In certain example embodiments, when evaluating the performance of the service after the change, the change evaluating system 101 identifies the particular rule 204 to be applied to the data that pertains to the performance of the service or machine after the change. The change evaluating system 101 also identifies a condition specified in the particular rule 204. Then, the change evaluating system 101 applies the particular rule 204 to the data and determines that the condition specified in the particular rule 204 is satisfied by the data. In some instances, the particular rule 204 indicates a maximum threshold value that a performance characteristic 203 may have. For example, the particular rule 204 may indicate a maximum threshold latency rate of a service. While evaluating the performance of the service or machine after the change, the change evaluating system 101 may determine, based on the data, that a latency rate of the service or machine determined after the change exceeds the maximum threshold latency rate.

Also shown in FIG. 2 are the ticketing system 211, the mail server 212, and the alert system 213. Upon evaluating of the performance of the service or machine after the change, the change evaluating system 101 generates an evaluation result based on the performance evaluation. The change evaluating system 101 may transmit a communication including the evaluation result to the ticketing system 211, the mail server 212, or the alert system 213. Upon receiving the communication including the evaluation result from the change evaluating system 101, the ticketing system 211 may automatically analyze the evaluation result and create a ticket based on the evaluation result, if the evaluation result is negative (e.g., is indicative of a problem). The mail server 212, upon receiving the communication including the evaluation result from the change evaluating system 101, may automatically generate an email message and transmit it to a user (e.g., the person who effected the change). Similarly, upon receiving the communication including the evaluation result from the change evaluating system 101, the alert system 213 may automatically generate and transmit an alert to a user.
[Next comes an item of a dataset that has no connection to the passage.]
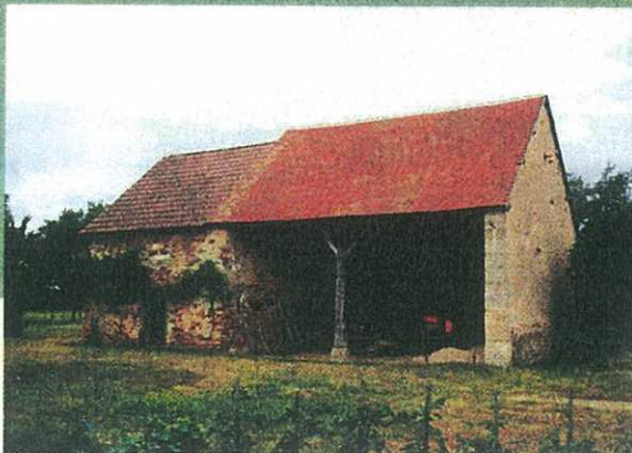
Une harmonie naturelle

Maisons paysannes et bâtiments d'exploitation témoignent d'une longue tradition constructive. Les volumes des bâtiments sont simples, les constructions nouvelles se greffent le plus souvent sans rupture avec les bâtiments existants. Les matériaux de construction d'origine minérale ou végétale sont de couleur mate et plutôt foncée. Ils s'inscrivent sans heurt dans le paysage ■

One or more of the ticketing system 211, the mail server 212, and the alert system 213 may be configured to generate and/or transmit respective tickets or notifications based on negative evaluation results or based on both negative and positive evaluation results.

Any of the machines, databases, or devices shown in FIG. 2 may be implemented in a general-purpose computer modified (e.g., configured or programmed) by software to be a special-purpose computer to perform the functions described herein for that machine, database, or device. For example, a computer system able to implement any one or more of the methodologies described herein is discussed below with respect to FIG. 8. As used herein, a “database” is a data storage resource and may store data structured as a text file, a table, a spreadsheet, a relational database (e.g., an object-relational database), a triple store, a hierarchical data store, or any suitable combination thereof. Moreover, any two or more of the machines, databases, or devices illustrated in FIG. 2 may be combined into a single machine, and the functions described herein for any single machine, database, or device may be subdivided among multiple machines, databases, or devices.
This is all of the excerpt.